ConcurrencyLimit::ResumeWorker cron is EE-gated but concurrency limit middleware is not — CE instances permanently deadlock workers
### Summary
`ConcurrencyLimit::ResumeWorker` cron registration is EE-gated (`Gitlab.ee do` block in `config/initializers/1_settings.rb`, line 850), but the concurrency limit middleware and `DEFAULT_CONCURRENCY_LIMIT_PERCENTAGE_BY_URGENCY` (introduced in MR !194881, milestone 18.3) are **not** EE-gated. Any CE instance with `GITLAB_SIDEKIQ_MAX_REPLICAS > 0` and `SIDEKIQ_CONCURRENCY > 0` (both set automatically by the Helm chart) permanently deadlocks workers using `deduplicate :until_executed`.
### GitLab version
18.9.0-ce (Helm chart deployment on Kubernetes, `gitlab-sidekiq-ce:v18.9.0`)
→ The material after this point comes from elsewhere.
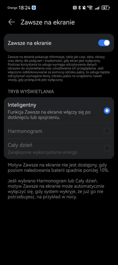 Całości dopełnia równiez obecność Always On Display, przy czym – podobnie, jak w poprzedniku – może się ono co prawda wyświetlać z przygaszoną tapetą, ale tylko w trybie inteligentnym. Oznacza to mniej więcej tyle, że ekran zapala się na chwilę, w momencie, gdy spojrzymy na telefon albo nim poruszymy.
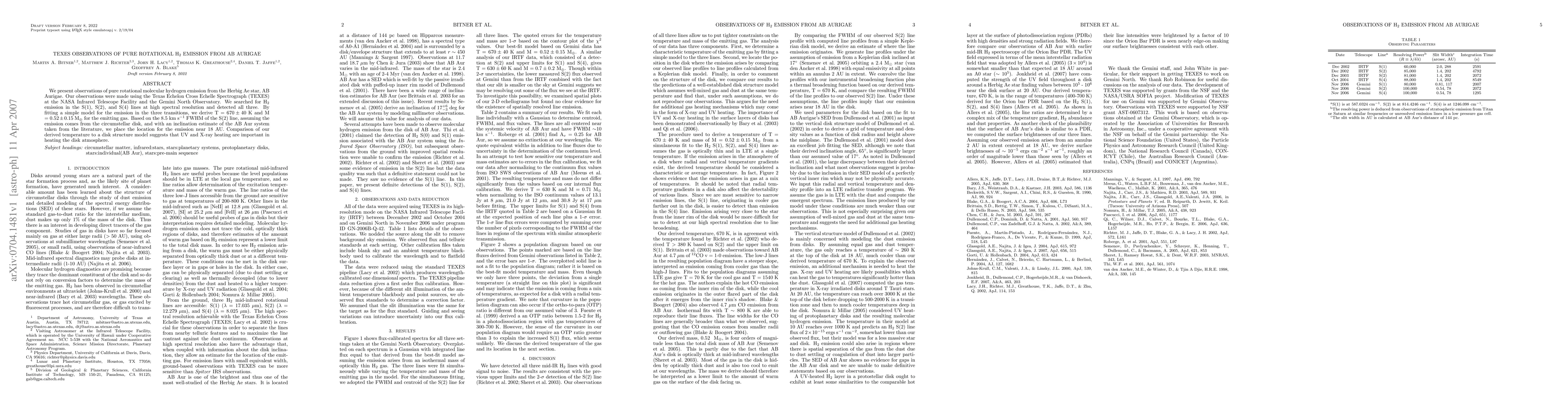This study uses TEXES observations to detect pure rotational H2 emission lines from AB Aurigae, revealing a temperature of 670 +/- 40 K and a mass of 0.52 +/- 0.15 earth masses for the emitting gas. The emission likely originates from the circumstellar disk at approximately 18 AU, suggesting significant UV and X-ray heating.

### What is the current bug behavior?
Workers with `deduplicate :until_executed` that exceed their computed concurrency limit are deferred into a Redis throttle queue by `ConcurrencyLimit::Server` middleware. Because `ConcurrencyLimit::ResumeWorker` is never registered as a cron job in CE, these deferred jobs are never resumed. The `until_executed` dedup cookie remains in Redis indefinitely (by design per MR !208142), causing all subsequent enqueue attempts for the same idempotency key to be silently dropped as duplicates.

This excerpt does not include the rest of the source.